━━━ Exercise input

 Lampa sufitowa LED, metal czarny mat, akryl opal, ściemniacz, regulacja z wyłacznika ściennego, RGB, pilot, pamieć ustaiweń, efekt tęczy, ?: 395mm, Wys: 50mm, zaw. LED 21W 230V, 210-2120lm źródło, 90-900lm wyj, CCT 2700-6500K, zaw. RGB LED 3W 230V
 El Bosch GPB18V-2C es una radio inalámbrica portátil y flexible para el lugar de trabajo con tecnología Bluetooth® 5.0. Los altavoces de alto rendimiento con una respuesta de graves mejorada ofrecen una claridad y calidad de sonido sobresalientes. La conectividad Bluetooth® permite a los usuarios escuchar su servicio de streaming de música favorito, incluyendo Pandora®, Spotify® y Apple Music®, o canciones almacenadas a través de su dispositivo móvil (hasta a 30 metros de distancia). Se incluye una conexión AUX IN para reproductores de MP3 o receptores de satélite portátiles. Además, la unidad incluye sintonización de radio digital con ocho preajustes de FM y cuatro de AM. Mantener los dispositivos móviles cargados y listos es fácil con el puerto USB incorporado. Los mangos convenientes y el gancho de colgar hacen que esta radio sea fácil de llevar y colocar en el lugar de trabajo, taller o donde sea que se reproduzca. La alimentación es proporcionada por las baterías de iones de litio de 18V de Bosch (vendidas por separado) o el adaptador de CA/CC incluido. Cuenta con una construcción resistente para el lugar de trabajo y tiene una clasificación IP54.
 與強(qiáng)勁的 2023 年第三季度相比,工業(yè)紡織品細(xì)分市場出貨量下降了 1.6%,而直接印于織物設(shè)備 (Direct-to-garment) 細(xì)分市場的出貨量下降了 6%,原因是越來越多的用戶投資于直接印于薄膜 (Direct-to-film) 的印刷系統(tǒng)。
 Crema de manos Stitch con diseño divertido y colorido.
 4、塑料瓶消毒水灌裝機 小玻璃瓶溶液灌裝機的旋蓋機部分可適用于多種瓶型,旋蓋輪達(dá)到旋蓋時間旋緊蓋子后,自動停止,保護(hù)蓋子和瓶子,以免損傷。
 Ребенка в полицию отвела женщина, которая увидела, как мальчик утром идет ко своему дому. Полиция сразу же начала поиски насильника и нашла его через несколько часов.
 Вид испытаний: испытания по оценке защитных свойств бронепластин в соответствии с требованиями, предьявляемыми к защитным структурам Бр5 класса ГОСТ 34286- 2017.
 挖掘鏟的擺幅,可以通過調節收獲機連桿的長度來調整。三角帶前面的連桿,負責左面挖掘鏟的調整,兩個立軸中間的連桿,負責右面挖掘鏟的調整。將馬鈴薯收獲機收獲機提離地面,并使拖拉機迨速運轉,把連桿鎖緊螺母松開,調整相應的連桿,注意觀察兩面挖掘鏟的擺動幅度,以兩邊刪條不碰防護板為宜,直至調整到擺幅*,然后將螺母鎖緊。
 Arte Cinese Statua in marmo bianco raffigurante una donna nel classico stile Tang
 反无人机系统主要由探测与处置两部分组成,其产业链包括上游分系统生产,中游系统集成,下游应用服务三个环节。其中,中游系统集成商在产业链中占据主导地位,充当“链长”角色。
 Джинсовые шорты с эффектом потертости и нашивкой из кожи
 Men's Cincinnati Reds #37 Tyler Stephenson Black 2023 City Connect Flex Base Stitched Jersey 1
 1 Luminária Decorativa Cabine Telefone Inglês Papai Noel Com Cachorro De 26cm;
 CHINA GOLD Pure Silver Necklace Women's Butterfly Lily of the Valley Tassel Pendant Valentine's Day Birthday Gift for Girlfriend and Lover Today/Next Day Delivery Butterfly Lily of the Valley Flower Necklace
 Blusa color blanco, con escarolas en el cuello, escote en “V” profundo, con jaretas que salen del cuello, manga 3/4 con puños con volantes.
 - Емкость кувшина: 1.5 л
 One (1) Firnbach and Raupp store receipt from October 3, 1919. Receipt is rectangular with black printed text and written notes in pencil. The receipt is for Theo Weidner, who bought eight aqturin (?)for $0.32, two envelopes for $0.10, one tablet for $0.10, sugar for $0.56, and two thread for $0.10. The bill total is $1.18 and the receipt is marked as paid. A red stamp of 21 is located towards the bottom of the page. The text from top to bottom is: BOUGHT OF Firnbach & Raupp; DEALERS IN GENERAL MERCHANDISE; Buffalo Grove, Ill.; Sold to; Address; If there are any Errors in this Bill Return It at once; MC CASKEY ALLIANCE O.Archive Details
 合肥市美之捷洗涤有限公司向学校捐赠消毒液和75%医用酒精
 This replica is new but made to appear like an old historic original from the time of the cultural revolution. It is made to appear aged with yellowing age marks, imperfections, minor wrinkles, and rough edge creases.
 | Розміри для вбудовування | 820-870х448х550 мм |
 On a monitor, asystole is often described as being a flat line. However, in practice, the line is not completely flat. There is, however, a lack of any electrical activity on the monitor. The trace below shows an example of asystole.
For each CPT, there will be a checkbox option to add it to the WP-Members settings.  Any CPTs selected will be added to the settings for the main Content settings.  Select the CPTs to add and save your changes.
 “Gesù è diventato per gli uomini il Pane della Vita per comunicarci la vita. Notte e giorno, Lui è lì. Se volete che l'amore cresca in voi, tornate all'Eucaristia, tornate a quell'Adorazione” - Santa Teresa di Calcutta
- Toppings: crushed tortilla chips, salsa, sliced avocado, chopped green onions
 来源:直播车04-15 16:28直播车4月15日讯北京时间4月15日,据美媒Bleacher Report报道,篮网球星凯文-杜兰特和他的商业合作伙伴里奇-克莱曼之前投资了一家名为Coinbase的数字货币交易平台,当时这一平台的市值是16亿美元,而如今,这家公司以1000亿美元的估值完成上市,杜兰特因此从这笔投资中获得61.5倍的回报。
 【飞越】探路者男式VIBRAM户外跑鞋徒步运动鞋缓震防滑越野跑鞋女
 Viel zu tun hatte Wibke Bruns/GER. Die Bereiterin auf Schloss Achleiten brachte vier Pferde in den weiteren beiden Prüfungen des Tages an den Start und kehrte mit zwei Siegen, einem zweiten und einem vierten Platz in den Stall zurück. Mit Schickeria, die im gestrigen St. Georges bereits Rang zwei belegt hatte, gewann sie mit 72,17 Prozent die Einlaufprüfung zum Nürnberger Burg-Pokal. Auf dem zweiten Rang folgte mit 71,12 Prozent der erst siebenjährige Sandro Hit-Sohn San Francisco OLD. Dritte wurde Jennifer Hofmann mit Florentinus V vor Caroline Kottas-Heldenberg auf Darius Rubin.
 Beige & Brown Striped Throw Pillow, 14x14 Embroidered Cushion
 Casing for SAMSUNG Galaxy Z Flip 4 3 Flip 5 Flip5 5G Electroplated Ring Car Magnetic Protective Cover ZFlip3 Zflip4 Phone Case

━━━━━━

The required answer is the run of lines above, starting at the line with "Men's Cincinnati Reds" and ending at the line with "1 Luminária Decorativa", reproduced exactly with both ends.

 Men's Cincinnati Reds #37 Tyler Stephenson Black 2023 City Connect Flex Base Stitched Jersey 1
 1 Luminária Decorativa Cabine Telefone Inglês Papai Noel Com Cachorro De 26cm;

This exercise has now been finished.